* British navy chief warns over Scottish independence
* First Sea Lord says maritime defences would be weakened
* Nationalists argue Scottish defence has suffered under London rule
By Belinda Goldsmith
LONDON, April 15 (Reuters) - Scottish independence would weaken Britain’s maritime defences by splitting up bases, infrastructure and staff, the country’s navy chief said, the first serving military boss to give a view on the consequences if Scots vote to break away in September.
Writing in the Daily Telegraph newspaper on Tuesday, Admiral George Zambellas said the nations that remained in the United Kingdom if Scotland left the three-centuries-old union would cope eventually but Scotland would feel a “deeper impact”.
Scottish First Minister Alex Salmond faces increased pressure over defence issues in an apparently choreographed campaign this week ahead of the independence referendum scheduled for Sept. 18.
On Sunday defence and aerospace industries cautioned Scotland could lose its competitive edge because of uncertainty over the future of the currency and taxation..
A group of 12 retired military chiefs on Monday said moving to evict the nuclear submarine base from the Clyde River in the event of a “yes” vote would cost billions of pounds, cut thousands of jobs and create international resentment.
Defence Minister Philip Hammond will say in a speech to an electronics company in Scotland on Tuesday that shared defence forces provide “security and peace of mind” for the people of Britain and Scotland’s bond with the rest of the United Kingdom is “precious”.
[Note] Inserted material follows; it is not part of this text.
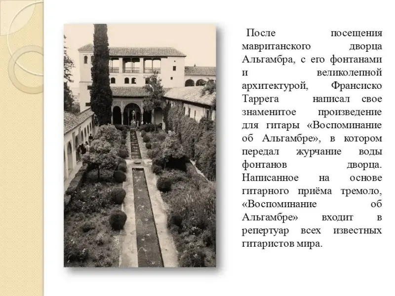 К середине девятнадцатого века после многих усовершенствований основным инструментом концертных залов становится рояль. Прочно удерживает свое место и скрипка. 50-е годы XIX века отмечены спадом гитарной лихорадки. За исключением Англии, где гитара по-прежнему пользуется успехом, в остальной части Европы она вытесняется фортепиано. Для гитары наступает время упадка. Выступления гитаристов привлекают все меньше и меньше слушателей. Общественное мнение резко меняется: пойти на концерт гитариста означало явить низкий вкус. Гитару стали считать неблагородным инструментом, отвернулось от нее и большинство композиторов. Мало-помалу гитара во всех странах, разве что кроме Испании, ушла с концертных подмостков. К счастью, период упадка длился всего несколько десятилетий. А затем начался стремительный расцвет. И начало расцвета в первую очередь связано с именем Франсиско Таррега-и-Эмшеа - испанский классический гитарист и композитор, один из основоположников современного исполнительства на этом инструменте. В 1862 году Франсиско Таррега начал учиться игре на гитаре у Хулиана Аркаса. Достигнув некоторых успехов, Таррега смог приобрести в 1869 году гитару работы мастера Антонио Торреса, а в 1874 поступить в Мадридскую консерваторию в классы фортепиано и композиции, гитара в консерватории не преподавалась. В 1880 году Таррега окончил консерваторию и начал карьеру концертирующего гитариста, начало которой положил его сольный концерт в мадридском театре "Альгамбра", прошедший с огромным успехом. Занимаясь на гитаре по нескольку часов в день, он виртуозно овладел всеми найденными до него приемами игры и разработал собственные. Таррега пришел к выводу, что не раскрыта широчайшая звуковая палитра гитары, а ведь тембровая окраска звука, тончайшие звуковые нюансы важны так же, как техника исполнения. По-новому осмыслив гитару, он способствовал тому, что она вновь обрела заинтересованных слушателей и стала концертным инструментом. После концертов Таррега в Лондоне, Париже, Лионе, музыкальные критики назвали его "Сарасате гитары". После женитьбы в 1882 году Таррега живет в Барселоне, где занимается педагогической, концертной и композиторской деятельностью. В Барселоне сформировались творческие союзы Таррега с Энрике Гранадосом и Исааком Альбенисом, многие их сочинения он переложил для гитары. На рубеже XIX-XX веков гитарист давал многочисленные концерты в Испании, но в 1906 году после инсульта у него наступил паралич правой половины тела. Несмотря на то, что он вернулся к концертной деятельности, полностью выздороветь ему так и не удалось. Среди учеников и последователей Таррега - Мигель Льобет, Эмилио Пухоль, Даниэль Фортеа и другие известные гитаристы. Эмилио Пухоль, сам стал впоследствии крупнейшим педагогом гитары, профессором консерваторий в Барселоне и Лиссабоне, автором книги о своем учителе и, самое главное, автором серьезнейшей школы игры на шестиструнной гитаре, которая была построена на принципах техники Тарреги. Высоко ценил мастерство Таррега Андрес Сеговия, часто исполнявший его сочинения и использовавший в своей работе его педагогические методы.

He will also talk about the complexity of what he calls “protracted” negotiations on the future of nuclear-armed submarines should Scotland vote for independence.
Zambellas said he believed independence would “fundamentally change maritime security for everyone in the United Kingdom” and damage the heart of the navy’s capabilities.
“While the continuing United Kingdom would eventually adapt and cope, the deeper impact would be felt in Scotland, which would no longer have access of right to the security contribution of one of the finest and most efficient navies in the world,” he wrote.
“The effectiveness of the Royal Navy, following separation, would weaken the security of both nations.”
As well as being the home for Britain’s four Trident nuclear-armed submarines, the Royal Navy has 16 ships and submarines and two commando units based in Scotland that employ about 5,250 people.
The Scottish National Party (SNP), which runs Scotland’s devolved parliament, has promised to negotiate to maintain all military bases in Scotland if there is a Yes vote in September and before independence in March 2016.
After 2016, the party has vowed it would remove and ban all nuclear weapons in the first parliament of independence, which would mean the sure eviction of the Clyde River base, with the rest to be negotiated.
The argument for independence is that Scotland will be better off making decisions on its own - including about its considerable energy resources - rather than have policies dictated by London.
SNP defence spokesman Angus Robertson said Westminster was to blame for a multi-billion-pound defence underspend in Scotland and the loss of more than 11,000 jobs in the last decade.
“Under Westminster, Scotland has nuclear weapons that we don’t need or want but not the naval vessels and marine defences that a nation with our size of coastline and strategic position should have,” Robertson said in a statement.